Mail Tribune 100

April 18, 1917


Denial was made Wednesday by B. W. Paul of Paul's Electric store of the truth of a rumor that his sister had been executed in Germany for writing to him a treasonable utterance against the kaiser.

"I am not a German, nor have I ever had a sister in Germany," said Mr. Paul. "It was the sister of a friend of a friend of mine in Portland who was executed.

"Several days ago I received a letter from my father in Portland telling me that this friend of my friend had received a letter from his sister in Germany in which she told of deplorable conditions and suffering among the people of that country and wrong, incidentally, that 'the kaiser ought to have his head shot off.'

"At the bottom of the letter was a terse comment made by the German censor who reviewed the letter to the effect that for her treasonable writing the writer had been executed that day.

"The story is true for Mr.
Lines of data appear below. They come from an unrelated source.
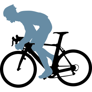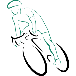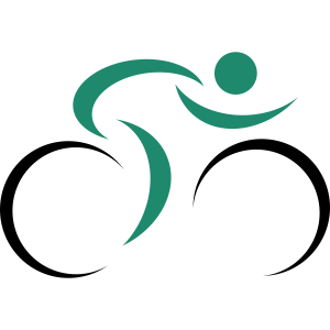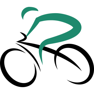 Un ciclista stilizzato in posizione aerodinamica su una bicicletta da corsa, circondato da ali colorate e linee di velocità, con il testo 'YOUR AI-LOGO' sotto.
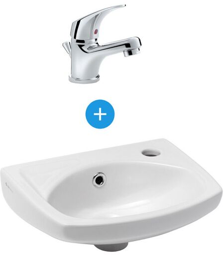 Siko Lave-mains Siko avec trop plein, 35x28 cm + Mitigeur Jika Talas (Groupe Roca) avec tirette et vidage, Chrome (EUR913H3111)
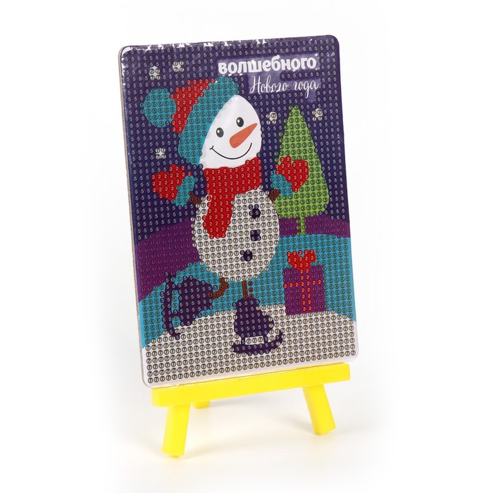 Алмазная мозаика на новый год с частичным заполнением для детей «Снеговик», 10×15 см, набор для творчества
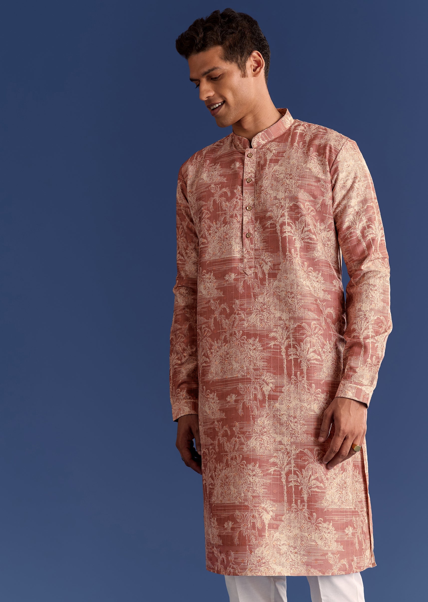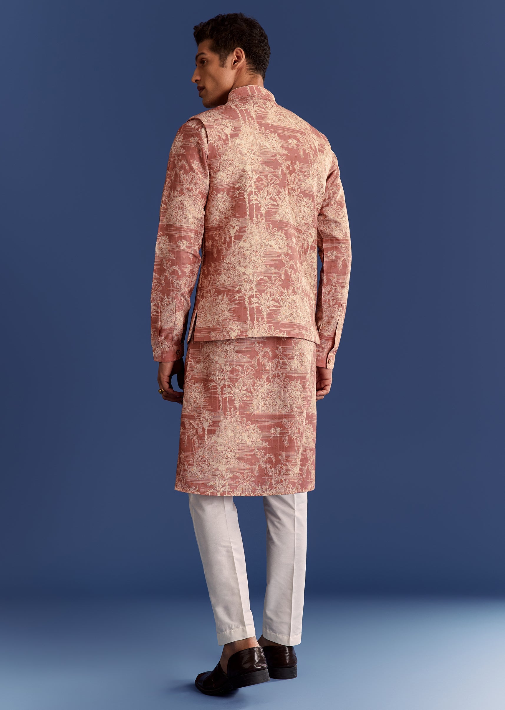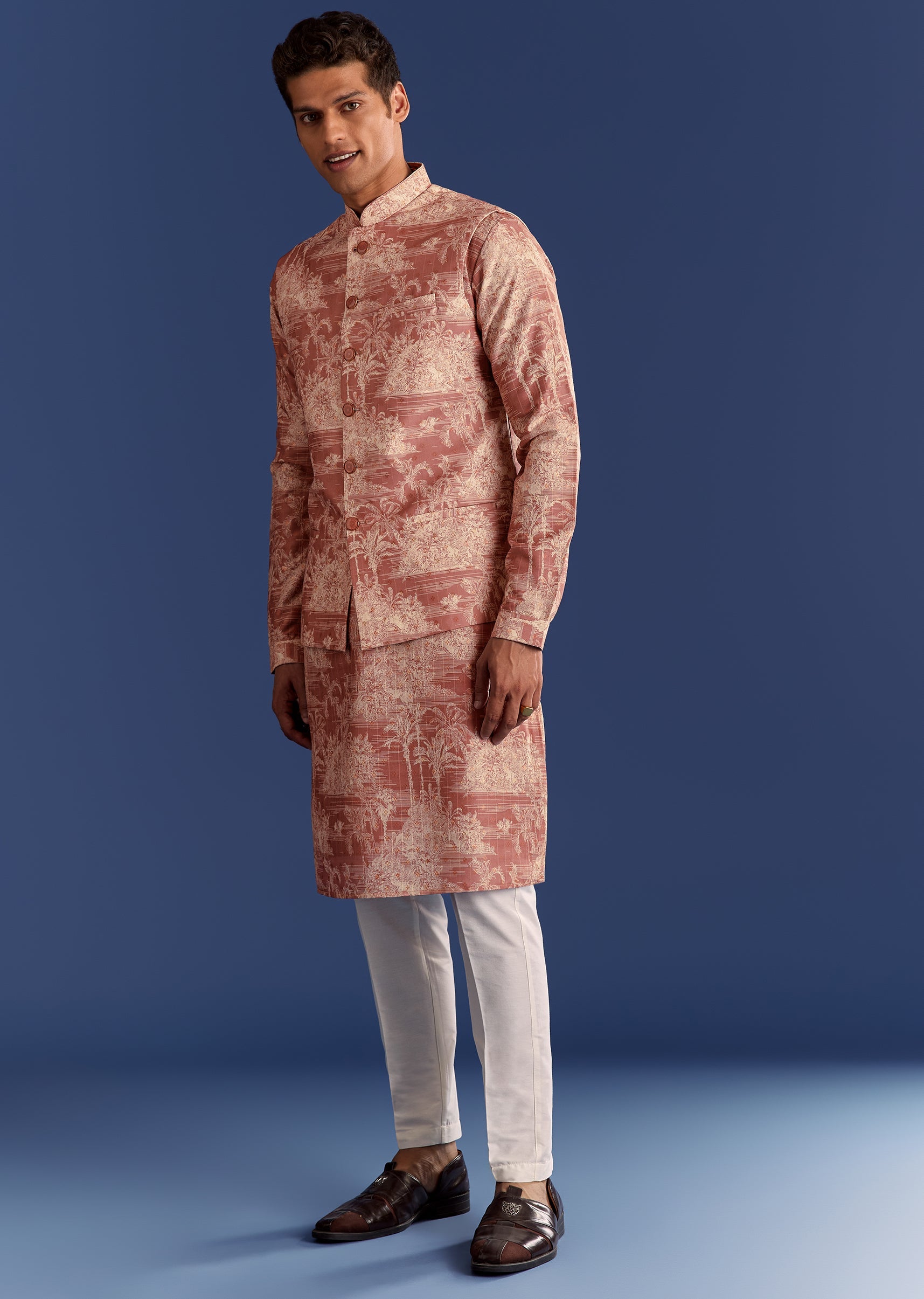 Rust Cotton Silk Kurta Jacket Set With Coastal Print

Underwood of the Portland Credit Men's association, who addressed the Medford Business Men's association last Monday night, who told me that he had seen the letter."


Mrs. Nan Strickfadden and Mrs. L. Dreyfus of Seattle at a preliminary hearing today confessed their part in the plot to burn the Strickfadden residence here March 17 for the purpose of collecting insurance. The confession coincided, the officers say, with the statement made by N. E. Hemphill, just before he was found dead in the Eugene, Ore., jail where he had been placed last Wednesday after being arrested for complicity in the plot. Mrs. Dreyfus and Mrs. Strickfadden were arrested in Seattle about the same time. Mrs. M Garwood, of Medford, Hemphill's employer in the land business, is held in connection with the plot on $5,000 bail. She was arrested with Hemphill in Eugene.